You can find the full list of changes on https://github.com/DigitalPebble/storm-crawler/milestone/25?closed=1
We recommend that all users upgrade to this version as it contains very important fixes and performance improvements.
Dependency upgrades
Core
- /bugfix/ CharsetIdentification crashes on binary content (#747)
 - FetcherBolt skips tuples which have spent too much time in queues (#746)
 - Fetcher bolts generate metrics for HTTP status (#745)
 - improvements to URLFilterBolt (#740)
 - /bugfix/ FetcherBolt doesn't recover when entering maxNumberURLsInQueues (#738)
 - /bugfix/ RemoteDriverProtocol does not set user agent correctly (#735)

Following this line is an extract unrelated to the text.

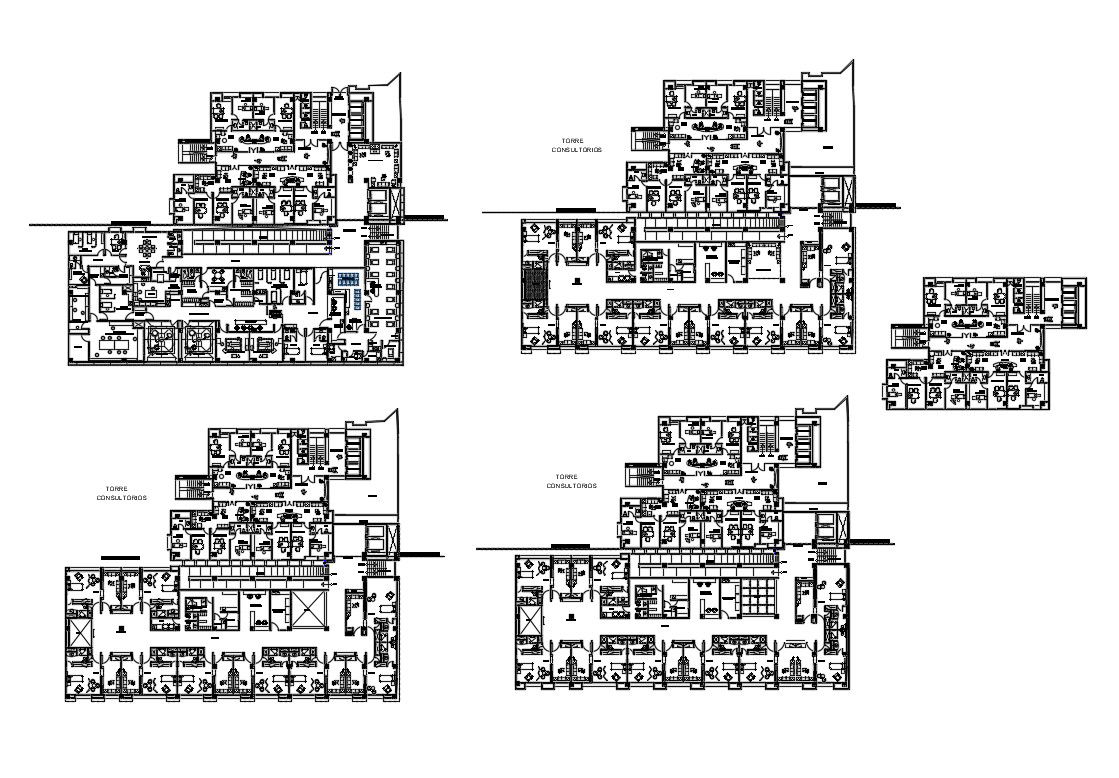All floors layout plan details of multi-level maternity hospital that includes a detailed view of reception area, waiting area, consultant room, specialized departments, operation theater, cleaning departments, pharmacy stores, special and general ward, specimen collection, emergency laboratory, imagenology, laboratories, circumbulatory, waiting rooms, sanitary man, duct, central nursing, sanitary, x-ray, tomography, mastography and desitography, rest area and sanitary, development and printing , interpretation, emergency laboratory, special tests, washing and stirilization, classification and distribution of samples, washing and sterilization, culture media and much more of hospital plan.

 - Force English Locale for SimpleDateFormat in cookie converter (#732)
 
LangID
- LangId normalises and returns value found via extraction (#733)
 
Elasticsearch
- Pluggable URLBuffer and Hybrid Elasticsearch spout (#752)
 - ES spouts control how long the search is allowed to take with timeout (#753)
 - Improve types used for numeric values for metrics mappings (#744)
 - Use sniffer for ES connections (#734)
 - ScrollSpout to quit logging when finished (#727)
 - ES spouts use nextFetchDate RangeQuery as a filter (#725)
 - MetricsConsumer takes an optional date format (#724)
 - StatusMetricsBolt returns a max of 10K results per status (#723)
 
Happy crawling and thanks to all contributors!